Research into pregnancy, birth and infant care is underfunded—and women are paying the price

Research in the UK is overwhelmingly male—male participants, male researchers, and male topics, despite 51% of the population being female. The lack of research on, by, and for this half of humanity has many detrimental effects—not least on the decisions women have to make during pregnancy, childbirth, and child rearing. In my latest book, Informed is Best, I explore the impact of incomplete and biased research in this area, and try to guide parents, and those supporting them, on how to read and judge the evidence that does exist.
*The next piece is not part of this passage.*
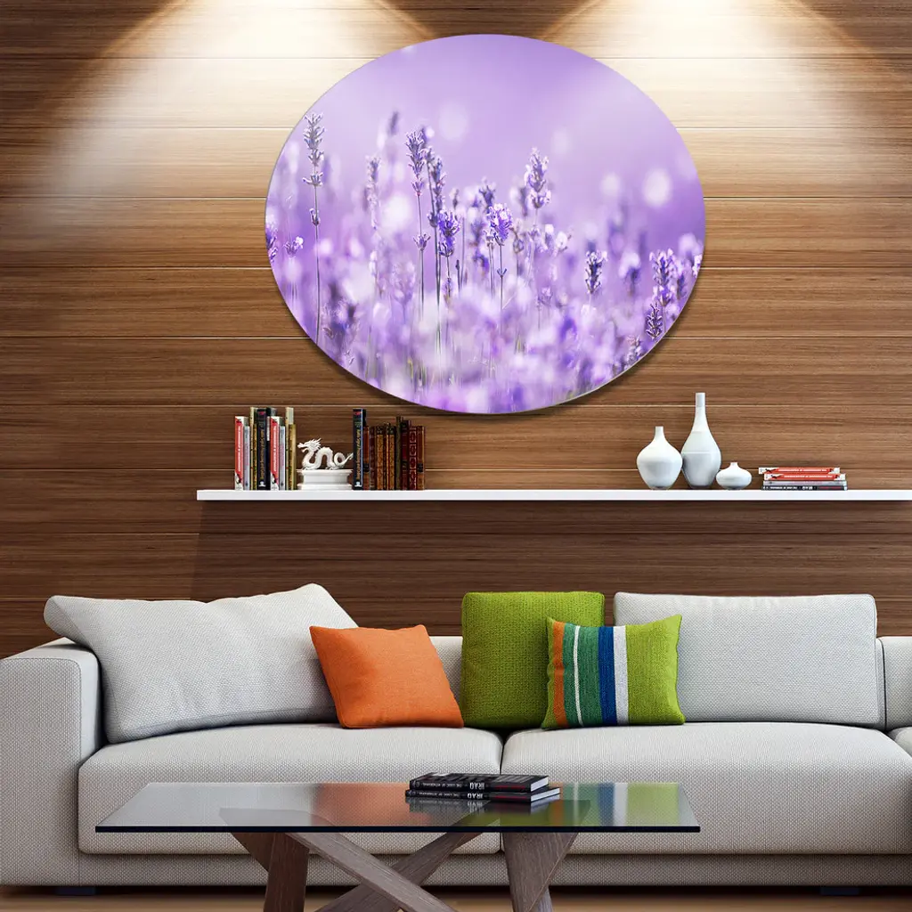 Bring Contemporary Abstraction to your home with this large Circle Metal wall art. This Stunning Purple Lavender Field Metal Artwork makes it the focal point of any room or office. - White Gloss Coating ensures colors are extra vibrant with light reflection.- Aluminum grade Sheet Metal with 1 inch mounting frame on the back giving the illusion that the artwork is floating on the wall..- Mounting Brackets are included along with instructions.- High Quality Digital images are created directly into a glossy aluminum panel producing a stunning and captivating print into the glossy finish of the metal.- Water, Fire and Scratch resistant HD Aluminum panels.- Looks better than any photo paper and guaranteed to last at least 20 years- Easy to clean with a microfiber cloth. Colors are far superior to regular Canvas Art. - Easy to Hang

Despite many women feeling the pressure to accept interventions during childbirth without question, there are often gaps in the evidence to support their treatment. For example, few studies have explored whether giving antibiotics to women with group B strep during labor can prevent the infection being passed to their baby. There’s also little research into whether electronic fetal monitoring – where a baby’s heart rate is continually monitored during labor—accurately identifies babies being deprived of oxygen. Or if conducting frequent cervical examinations during labor improves birth outcomes.

In an absence of good evidence, a tendency to “err on the side of caution” means that many women have unnecessary interventions during childbirth. Others have to fight to prove that their preferred option is safe, even when this is a biologically normal behavior such as breastfeeding or safely sleeping with their baby.

Unequal research

This evidence is exacerbated by historic inequalities in which research is conducted and by whom. For many years, women were often excluded from clinical trials because their bodies were seen as too complex due to hormonal fluctuations. Yet those findings from all-male trials were used to determine treatment for everyone.

Research that benefits men is still more likely to be conducted. For example, five times more research is conducted into erectile dysfunction—a condition that affects 19% of men—compared with premenstrual syndrome, which affects 90% of women.

Meanwhile, research into birth and parenting, receives much less funding. Data from the US shows that although 10% of women become pregnant each year, just 2% of research funding is spent on pregnancy research. Likewise, a recent review identified that perinatal health research is still underfunded.

And when it is conducted, it’s not conducted equally. Despite being disproportionately affected by adverse pregnancy outcomes, research often ignores the needs of women of color – including black women, who are five times more likely to die during pregnancy and birth in the UK.

These inequalities are only worsened depending on who has the opportunity to conduct research. In the UK those who are white, middle class and male are more likely to gain senior academic posts and funding. Around 68% of all professors are white men, and only 0.1% are black women.

When female academics seek research funding, they face further barriers. A recent study showed that funding applications containing words such as “vaccination,” “children” and “health” were 16% less likely to receive a high review score than grants using words such as “detection,” “bacteria,” and “drug.” Women were more likely to use the first set of words and men the latter.

One area where women are more equally funded is in the social sciences. But the discipline’s focus on qualitative methods, such as interviews and observations, is sometimes taken less seriously. Many instead consider randomized controlled trials the best way to conduct research, as the element of behavioral choice and any associated demographic factors, such as age, gender or race, are removed.

However, conducting trials in birth and parenting research can have ethical implications. For example, you cannot randomize mothers to have a vaginal or cesarean birth, or to breast or formula feed. Also, qualitative methods are often better able to understand what is important to women, such as understanding their experiences of having labor induced rather than simply physical outcomes.

Research costs money

Another issue is who funds research. Research costs money—money which often comes from an industry that stands to benefit from the findings. This means that research that doesn’t promote the use of a particular product is further disadvantaged, skewing what data is published. Alternatively, funding sources may be available but ethical issues arise. For example, although the formula milk industry may offer funding to research breastfeeding, many researchers are ethically opposed to taking such funding.

Although industry has played an important part in many health discoveries, research funded by industry is more likely to have outcomes that benefit it. This theoretically shouldn’t make a difference in how research is conducted, but funders can control the release of findings, skewing the balance in their favor. For example, one famous industry-funded study examining whether specific infant formulas could prevent allergies, was found to have falsified data and was subsequently withdrawn.

These layers of power and bias in who funds and conducts research are happening across every area of science. But in the case of birth and parenting research, women are already fighting a system that often focuses on risk, intervention and medical authority. It’s especially important that any research used to inform their care is as free from bias and as full a picture as possible.

It’s also worth noting that a lack of research evidence isn’t necessarily proof that something is not important. One famous example argued that because there were no randomized controlled trials showing whether jumping out of a plane with a parachute or not had any benefit, there was no evidence that parachutes were necessary.